Applying parameter changes:
# Modify parameter group via Terraform
# Then reboot cluster for changes to take effect

# Reboot writer instance
aws rds reboot-db-instance --db-instance-identifier artos-production-1

# Reboot reader instances
aws rds reboot-db-instance --db-instance-identifier artos-production-2
Reboot Impact: Rebooting the writer instance causes a brief downtime (typically < 30 seconds). Aurora automatically promotes a reader to writer during reboot to minimize downtime.

Version Upgrades

Minor version upgrades are automatic during maintenance windows.
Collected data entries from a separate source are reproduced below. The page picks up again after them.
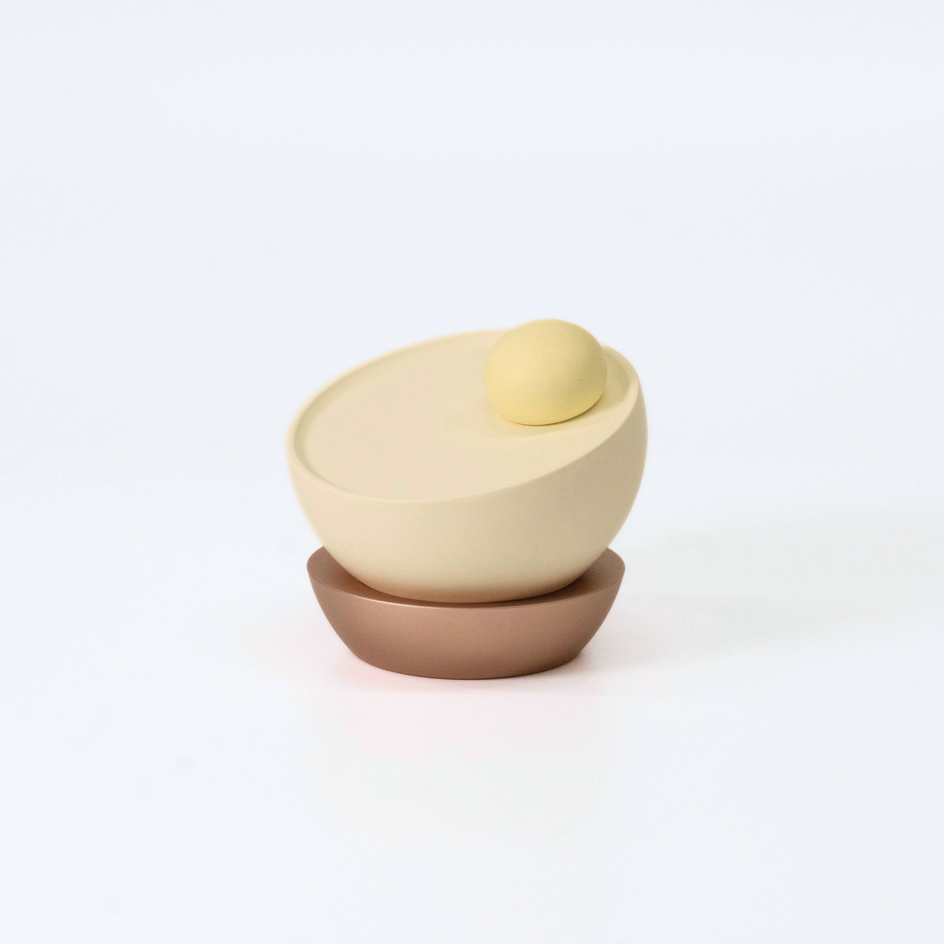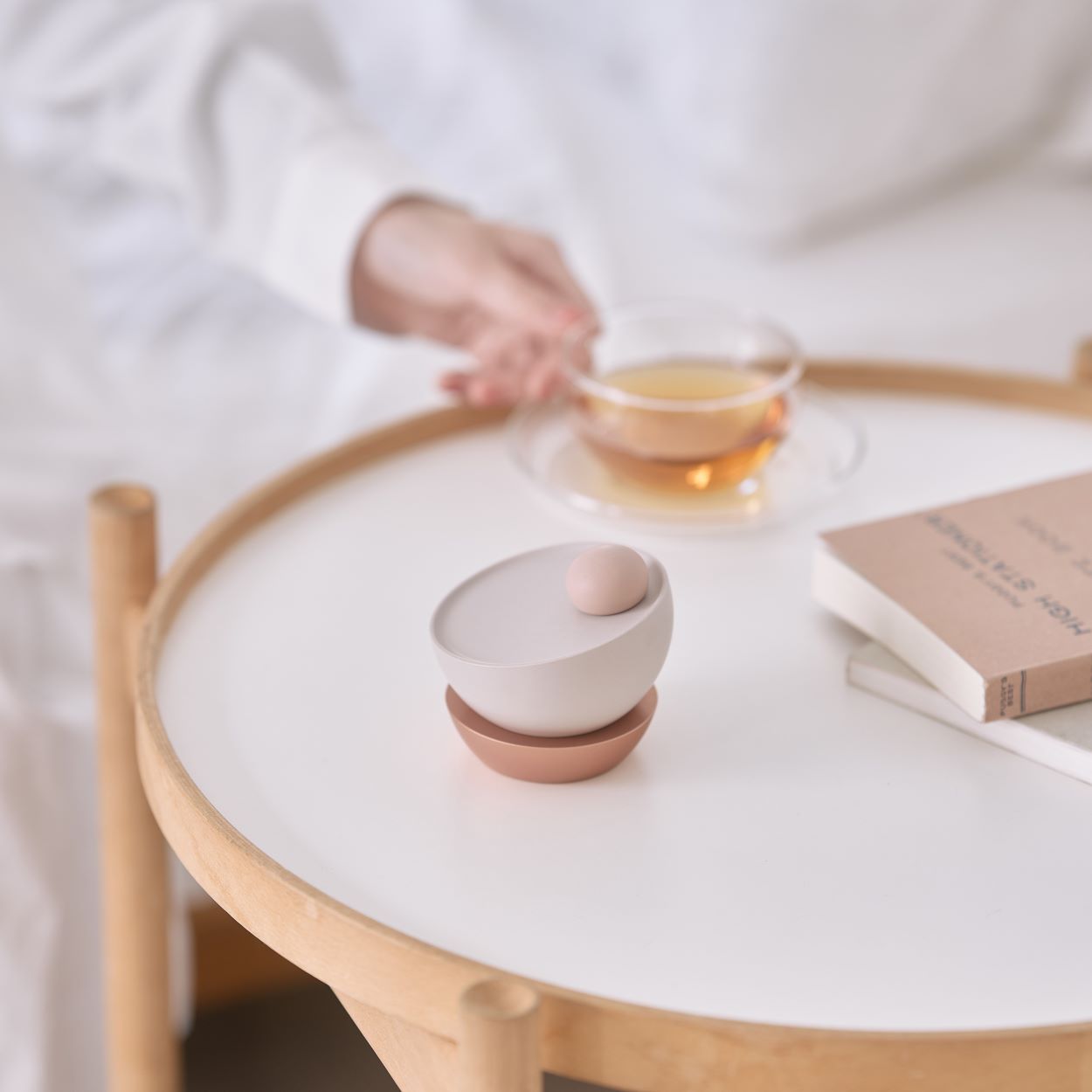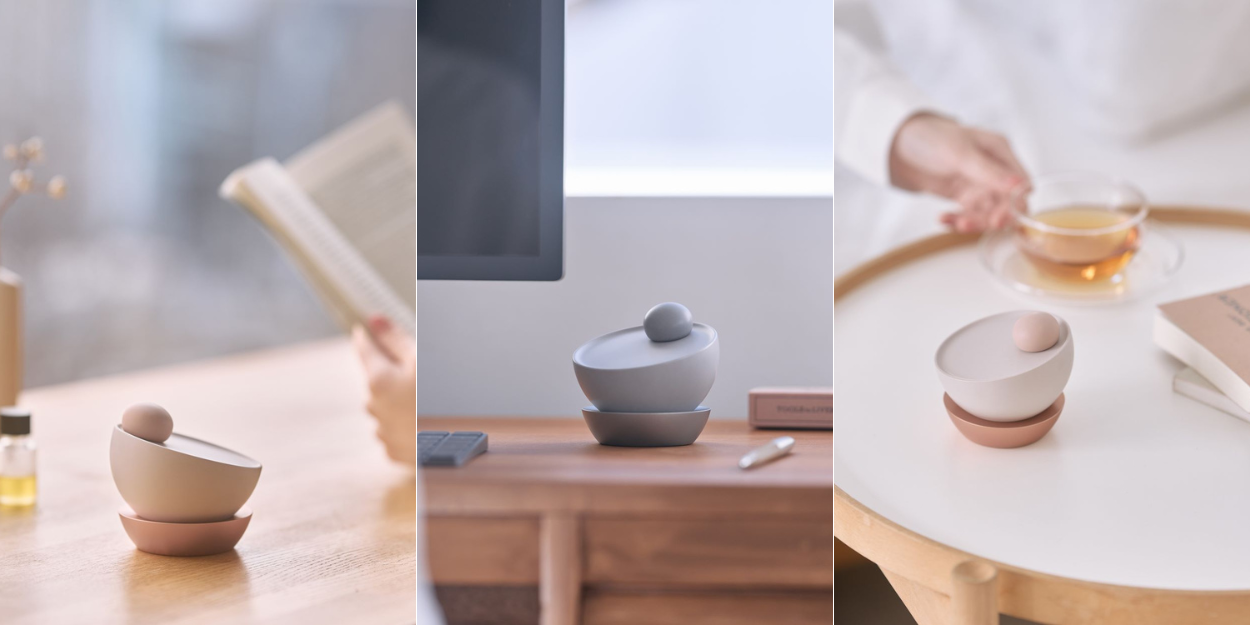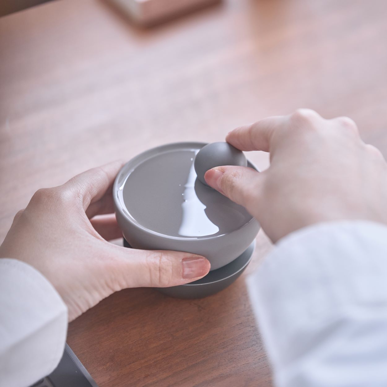 ユニークな形状で、円を描くようにアロマオイルを擦る所作は、円相(えんそう)を連想させ、流れ続ける動きを表現しています。擦る心地よさを感じながら、お好みのアロマの香りをお楽しみいただけます。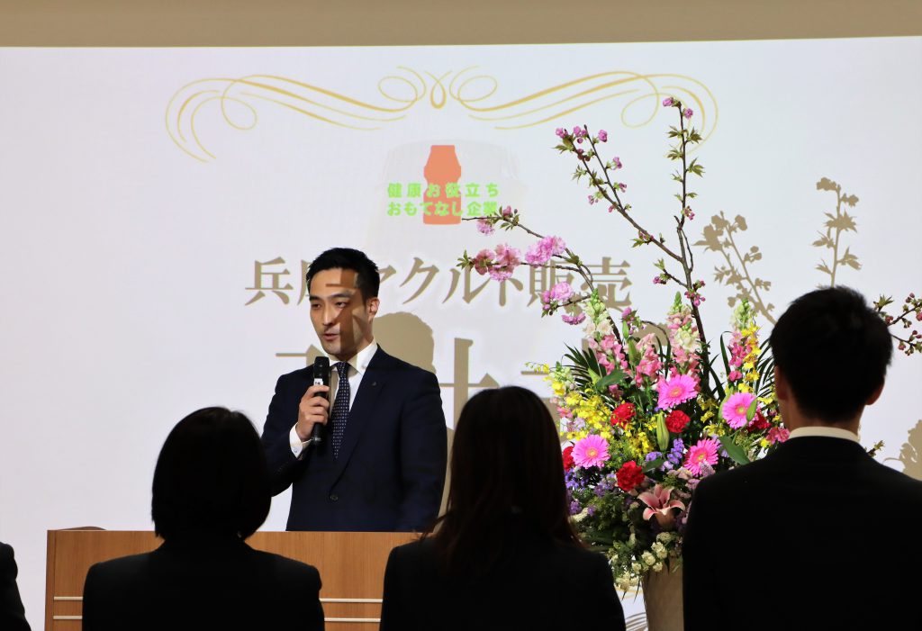入社式では、代表取締役社長 阿部が、兵庫ヤクルト流の祝辞、「”おめでとう“ではなく、”ありがとう“」の言葉とともに、同じ志を持ち、数ある企業の中から兵庫ヤクルトを選んで入社いただいたことへ改めて感謝の想いを伝えました。また、新入社員の皆さんへ、「変化と失敗を恐れない」、「1人で抱え込まない」、「初心を忘れない」の3つの事をお願いしたいと述べ、入社された皆さんの活躍に期待を寄せました。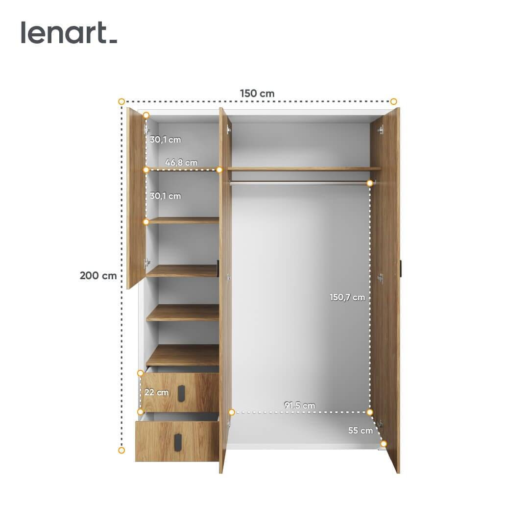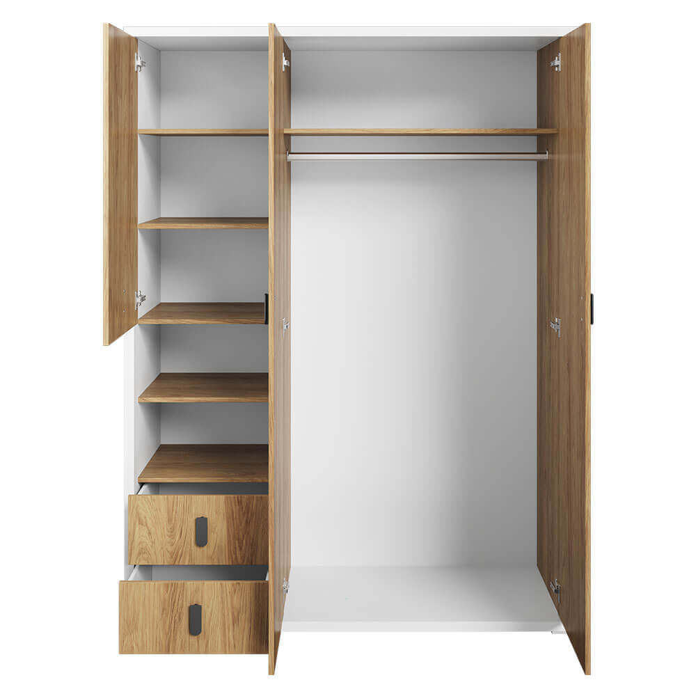Szafa z trojgiem drzwi, drążkiem, dwiema szufladami i dwiema wnękami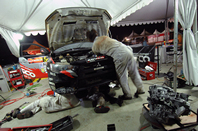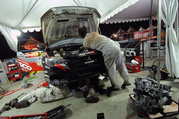 深夜まで修復をするメカニック達。 コースはこんな埃舞う道が続く。 撮影ヘリに追尾されているよう。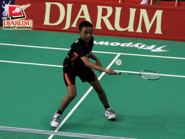 Salah Satu Peserta Tunggal Pemula Putra yang Sedang Bermain, Ryan Januar dari Klub Badminton Exist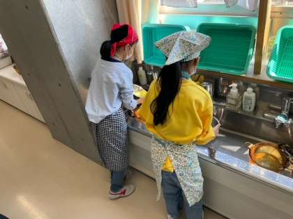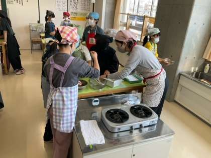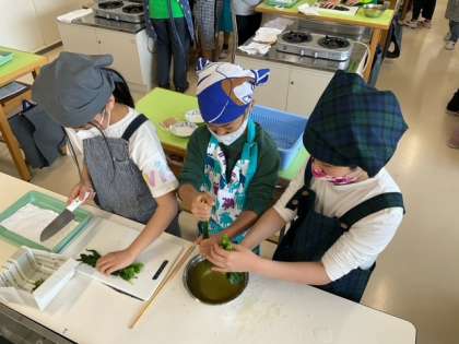家庭科の時間です。「ほうれん草のおひたし」を作っています。上手に盛り付けられるかな?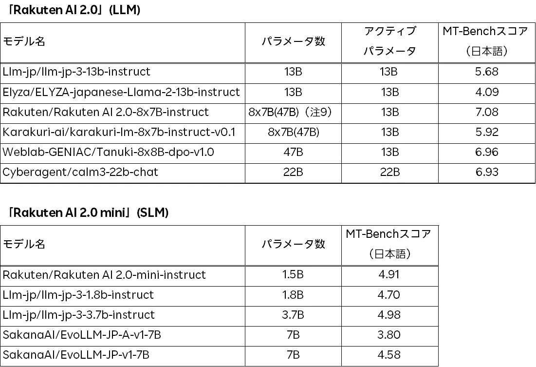 日本語版MT-Benchというベンチマークを用いて評価を行ったところ、「Rakuten AI 2.0」は同規模の他モデルと比べても最高のパフォーマンスを誇り、「Rakuten AI 2.0 mini」も同様に優れた結果を得ています。これらのモデルは、テキスト生成の多岐にわたるタスク、例えばコンテンツの要約や一般的な質問への回答などに活用でき、商業利用が見込まれています。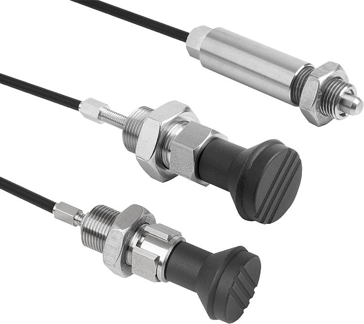 锁紧柱塞和操作人员侧的连接通过鲍登索来完成。锁紧柱塞搭配控制机构形成了一整套系统,可应对许多应用情况。如果柱塞顶销需要长时间维持在拔出状态时,为避免顶销弹回,可选用带有锁定功能 D 型控制机构。材料:锁紧柱塞: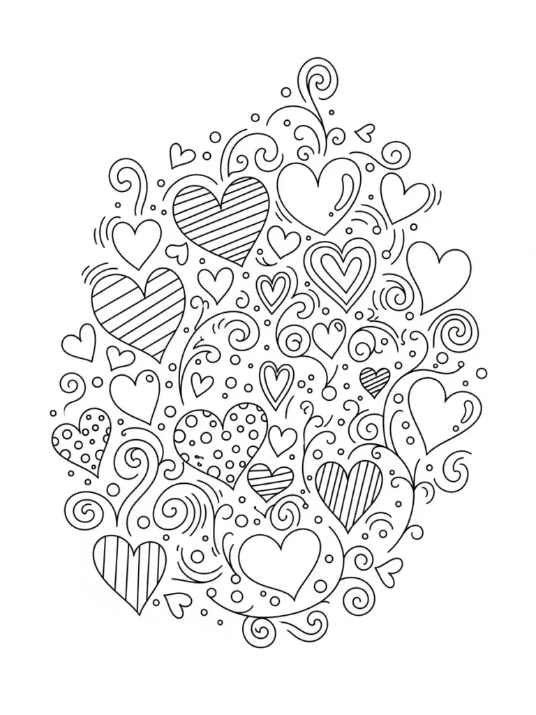 This heart themed coloring page feels like a joyful doodle explosion filled with hearts of all sizes, curly swirls, dots, and fun little accents. Striped hearts mix with solid outlines and polka dot details, giving the design a lively hand drawn look. The line work is slightly varied, which adds to the playful charm and keeps everything feeling loose and creative. The overall layout feels energetic and light, with shapes floating freely instead of being locked into a strict structure.

For major version upgrades:
# Create snapshot before upgrade
aws rds create-db-cluster-snapshot \
  --db-cluster-identifier artos-production \
  --db-cluster-snapshot-identifier artos-production-before-upgrade

# Modify cluster to new version
aws rds modify-db-cluster \
  --db-cluster-identifier artos-production \
  --engine-version 16.1 \
  --apply-immediately

Monitoring and Troubleshooting

CloudWatch Metrics

Key metrics to monitor:
MetricDescriptionAlarm Threshold
CPUUtilizationCPU usage percentage> 80%
DatabaseConnectionsActive connections> 80% of max_connections
FreeableMemoryAvailable memory< 1 GB
ReadLatencyRead operation latency> 20ms
WriteLatencyWrite operation latency> 50ms
CommitLatencyTransaction commit time> 100ms

Common Issues

Too Many Connections

Symptoms: FATAL: sorry, too many clients already Solutions:
  1. Increase max_connections parameter
  2. Implement connection pooling (PgBouncer)
  3. Review application connection management
  4. Close idle connections

Connection Timeouts

Symptoms: Applications cannot connect to database Troubleshooting:
# Verify security group rules
aws ec2 describe-security-groups --group-ids <rds-sg-id>

# Check if cluster is available
aws rds describe-db-clusters --db-cluster-identifier artos-production \
  --query 'DBClusters[0].Status'

# Test connectivity from EKS pod
kubectl run -it --rm debug --image=postgres:15 --restart=Never -- \
  psql -h artos-production.cluster-xxxxx.us-east-1.rds.amazonaws.com \
       -U artos_admin -d artos

Security

Descriptions of security around the RDS instances.

1. Network Isolation

  • Deploy in private database subnets (no internet access)
  • Use security groups to restrict access to EKS nodes only
  • Enable VPC Flow Logs for connection audit trail

2. Encryption

At Rest:
  • Always use KMS encryption with customer-managed keys
  • Enables fine-grained access control via key policies
  • Meets compliance requirements (HIPAA, PCI-DSS)
In Transit:
  • Enforce SSL/TLS connections
  • Set rds.force_ssl = 1 parameter (optional)
  • Verify SSL in application connection strings

3. Credential Management

  • Never hardcode database passwords
  • Rotate passwords regularly (outside Terraform)
  • Use Secrets Manager for automatic rotation
  • Grant minimal IAM permissions for secret access

Module Maintenance: This module is compatible with Terraform 1.0+ and AWS Provider 5.x. Aurora PostgreSQL version 15.4 is the default. Review AWS Aurora release notes before upgrading to newer versions. Always test database upgrades in non-production environments first.